Detailed Description
In order to make the objects, technical solutions and advantages of the embodiments of the present invention more clear, the technical solutions of the embodiments of the present invention will be clearly and completely described below. The specific conditions are not noted in the examples and are carried out according to conventional conditions or conditions recommended by the manufacturer. The reagents or apparatus used were conventional products commercially available without the manufacturer's attention.
The coated urea production system provided by the embodiment of the invention is specifically described below.
A coated urea production system comprises a coated liquid conveying system and a urea conveying system; the coating liquid conveying system comprises a coating liquid storage tank 1, a conveying pipeline 5 and a spraying assembly 6 arranged on the conveying pipeline 5, which are connected in sequence; the conveying pipeline 5 is provided with a film coating power pump 3 and a pressure regulating system 4 for controlling the spraying amount of film coating liquid, and the pressure regulating system 4 comprises the following control parameters: the dynamic air pressure is 0.35-0.6Mpa, and the pump outlet pressure is 0.25-0.5Mpa;
in order to find the matching corresponding relation between the power air pressure and the urea granulation load, the main control controls the operation pressure under different loads through the regulating valve, and the coating amount is accurately regulated and controlled, and the result is shown in the following table:
| sequence number | Granulation load | Dynamic air pressure | Pump out pressure | Spray coating rate | Consumption of stock solution |
| 1 | 80% | 0.35Mpa | 0.25Mpa | 60% | 45kg/h |
| 2 | 85% | 0.4Mpa | 0.32Mpa | 60% | 48kg/h |
| 3 | 90% | 0.45Mpa | 0.38Mpa | 55% | 52kg/h |
| 4 | 95% | 0.5Mpa | 0.42Mpa | 55% | 58kg/h |
| 5 | 100% | 0.6Mpa | 0.5Mpa | 55% | 65kg/h |
The urea conveying system comprises a conveying belt 8 and a stirring device 7 arranged on the conveying belt 8, wherein the stirring device 7 is used for stirring and mixing modified urea and coating liquid on the conveying belt 8, the urea is of a core-shell structure, urea particles are used as an inner core, modified attapulgite and polyvinyl alcohol with the mass ratio of 1-3:1 are used as a middle coating layer, and starch-acrylonitrile grafting copolymer is used as a shell; wherein the mass ratio of the inner core to the middle coating layer to the outer shell is 18-23:10-17:62-70 parts; the preparation method comprises the following steps: granulating urea particles, modified attapulgite and a polyvinyl alcohol binder in a granulator, spraying starch-acrylonitrile graft copolymer into the granulator, continuously granulating, drying and cooling after granulating to obtain the modified urea raw material.
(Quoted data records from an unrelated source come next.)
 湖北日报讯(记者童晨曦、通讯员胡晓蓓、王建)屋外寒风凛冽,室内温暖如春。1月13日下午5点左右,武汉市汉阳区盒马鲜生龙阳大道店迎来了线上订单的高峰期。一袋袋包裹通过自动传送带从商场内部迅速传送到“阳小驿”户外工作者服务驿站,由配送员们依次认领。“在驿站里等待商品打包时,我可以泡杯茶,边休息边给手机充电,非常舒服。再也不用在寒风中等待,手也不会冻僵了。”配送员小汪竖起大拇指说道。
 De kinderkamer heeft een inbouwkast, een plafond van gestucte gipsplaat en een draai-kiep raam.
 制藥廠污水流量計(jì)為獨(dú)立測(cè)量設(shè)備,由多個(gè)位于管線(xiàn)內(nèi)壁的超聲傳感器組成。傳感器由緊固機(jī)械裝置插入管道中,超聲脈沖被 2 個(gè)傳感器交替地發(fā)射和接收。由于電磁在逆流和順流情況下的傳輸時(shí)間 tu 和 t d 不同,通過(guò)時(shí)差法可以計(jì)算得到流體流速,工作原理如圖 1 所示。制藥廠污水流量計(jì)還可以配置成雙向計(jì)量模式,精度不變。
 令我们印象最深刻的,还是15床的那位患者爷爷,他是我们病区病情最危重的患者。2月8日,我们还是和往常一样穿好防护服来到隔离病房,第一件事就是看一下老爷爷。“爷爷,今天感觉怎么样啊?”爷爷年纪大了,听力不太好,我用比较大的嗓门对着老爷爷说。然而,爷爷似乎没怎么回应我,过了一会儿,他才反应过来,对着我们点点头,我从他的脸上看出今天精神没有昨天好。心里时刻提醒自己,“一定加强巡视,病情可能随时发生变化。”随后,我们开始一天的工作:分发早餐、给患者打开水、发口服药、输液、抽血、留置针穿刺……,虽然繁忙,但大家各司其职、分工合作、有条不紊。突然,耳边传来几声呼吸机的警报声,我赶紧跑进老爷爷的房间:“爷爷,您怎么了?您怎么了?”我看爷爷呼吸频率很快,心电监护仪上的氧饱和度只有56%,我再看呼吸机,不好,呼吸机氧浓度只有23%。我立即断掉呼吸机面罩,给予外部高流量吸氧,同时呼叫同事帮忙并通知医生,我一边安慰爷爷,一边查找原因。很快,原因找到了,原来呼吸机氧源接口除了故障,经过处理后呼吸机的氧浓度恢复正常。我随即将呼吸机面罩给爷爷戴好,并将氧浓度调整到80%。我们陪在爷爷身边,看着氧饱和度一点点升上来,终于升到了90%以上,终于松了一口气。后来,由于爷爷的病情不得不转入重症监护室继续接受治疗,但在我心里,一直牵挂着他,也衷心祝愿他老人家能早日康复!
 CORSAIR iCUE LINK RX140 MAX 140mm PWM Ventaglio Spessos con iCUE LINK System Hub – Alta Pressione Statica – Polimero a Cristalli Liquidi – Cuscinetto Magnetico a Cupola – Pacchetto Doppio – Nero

The urea particles are coated by using the modified attapulgite and the polyvinyl alcohol as the middle coating layer, and the coordination water and the active hydroxyl contained in the attapulgite can be used as a hydrogen donor or a hydrogen acceptor to interact with amino groups in the urea to form hydrogen bonds so as to prevent the urea from dissolving out; the modified attapulgite has larger specific surface area, so that urea can be slowly released; in addition, carbon dioxide gas generated by the reaction of potassium dihydrogen phosphate and sodium bicarbonate is used for flushing attapulgite to form a large number of micropores, so that more interlayer space is provided for the coating and molding of urea particles, and continuous coating and bonding of the shell are facilitated, thereby improving the molding quantity and molding stability of urea particles, and improving the granulating effect and the particle strength; and finally, the starch-acrylonitrile grafting copolymer is taken as a shell, so that the water absorption and water retention functions of urea are achieved on the basis of slow release, and the water absorption and water retention functions of urea are achieved.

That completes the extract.